Denis Cohen (1952)

Cantate (1982)

pour deux voix de femme et ensemble

  • Informations générales
    • Date de composition : 1982
    • Durée : 18 mn
    • Éditeur : Nodus, Paris
    • Commande: Ministère de la Culture pour l'Ensemble 2e2m
    • Livret (détail, auteur) :

      Georg Webern, Entweder, man versteht Worte...

Effectif détaillé
  • solistes : 1 soprano solo, 1 mezzo-soprano solo
  • 1 clarinette (aussi 1 clarinette en mib), 1 basson (aussi 1 contrebasson), 1 cor, 1 trompette, 1 trombone, 2 percussionniste, 1 harpe, 1 piano (aussi 1 orgue électrique), 1 alto, 1 contrebasse

Information sur la création

  • 15 March 1983, Paris, Centre Georges Pompidou, par Evelyne Razumowski : soprano, Marie-Claude Vallin : mezzo, l'ensemble 2e2m, direction : Denis Cohen.

Note de programme

L'utilisation d'un texte et de la voix chantée (ou parlée) dans une trame musicale peut obéir à deux modèles opposés mais complémentaires : d’un jeu « théâtral » – pouvant soutenir un sens, une information relativement pauvre (par exemple les opéras véristes) – à un jeu extrêmement subtil – le sens nécessitant un réseau de relations très riche et jouant sur l’ambiguïté d'un système constitué (par exemple certains lieders de Schubert) –, s'inscrivent de nombreuses réalisations qui (se) servent plus ou moins (de) l'information contenue dans une parole.

Dans cette « cantate », c'est la construction interne de chaque strophe, le verbe et ses intentions, ses résonances, qui a stimulé un choix d'écriture.

J'ai exploité dans cette œuvre ce que j'avais appelé « ambitus de temps » dans le concerto de chambre Transmutations ; chaque séquence observe un rapport de durée et de tempo déterminé, mais, au lieu que ces tempi et durées soient dans une relation d'or permutée par deux (Transmutations), ils sont ici choisis en fonction de l'espace suggéré par le texte, le lieu réclamé par le poème. Il s'agit en quelque sorte d'une hyper-permutation de rapports d'or. Ceci donne lieu à des séquences parfois de même durée, mais de vitesses, de pulsations différentes ; certains évènements étant troués, filtrés par ce paramètre « vitesse ».
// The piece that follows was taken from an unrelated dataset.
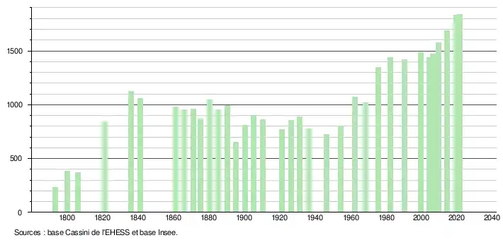L'évolution du nombre d'habitants est connue à travers les recensements de la population effectués dans la commune depuis 1793. Pour les communes de moins de 10 000 habitants, une enquête de recensement portant sur toute la population est réalisée tous les cinq ans, les populations légales des années intermédiaires étant quant à elles estimées par interpolation ou extrapolation[27]. Pour la commune, le premier recensement exhaustif entrant dans le cadre du nouveau dispositif a été réalisé en 2004[28].

La dimension directionnelle du déroulement (son anticipation possible dans le temps) est donc totalement déterminée par l'ordonnancement du texte ; certaines structures en arrière-plan dans le « poème écrit » apparaîtront plus en avant dans la réalisation musicale.

D’autre part, il y a dans ce texte une constante structurelle qui frappe dès la première ligne : « Entweder oder » (« ou bien... ou bien »), c’est-à-dire une alternance noir/blanc, rapidement, sec/résonnant etc. qui modèle le sens du début à la fin. Cette opposition est présentée musicalement d'abord de manière très simple au début de l’œuvre (phrases très découpées aux cuivres et percussions d'une part, évènements plus souple, identité plus harmonique au piano et harpe d'autre part (couple sec/résonnant) et débouche plus tard sur une réalisation simultanée de cette alternative par la superposition de deux tempi (et donc de deux groupes instrumentaux) différents (Aus jovialität, als auch ...., von klugheit... von sich selbst).

D'autres formes obliques ou décalées servent également à donner espace au sens des mots, leurs respirations devant s'imbriquer en retour dans le contexte musical.

L'identité musicale est axée ici non sur une polarisation permanente (rôle du thématisme ou même des motifs mélodiques qui « tissent » le temps), mais sur toutes les composantes mises en jeu à l'instant même de l'énonciation du texte poético-musical, de telle sorte que les matériaux « théoriquement équiprobables » seront déduits au cours de la composition ; seront éliminés certains éléments, d'autres transformés. La polarité d'un quelconque paramètre sera appariée à une idée matrice du texte.

L'éventuelle fusion poème/musique est à chercher dans le flux du sens, le moteur du verbe, davantage que dans la réalisation, ici aphoristique, de l'intention poétique, la traduction française ne pouvant en donner qu'une approximation.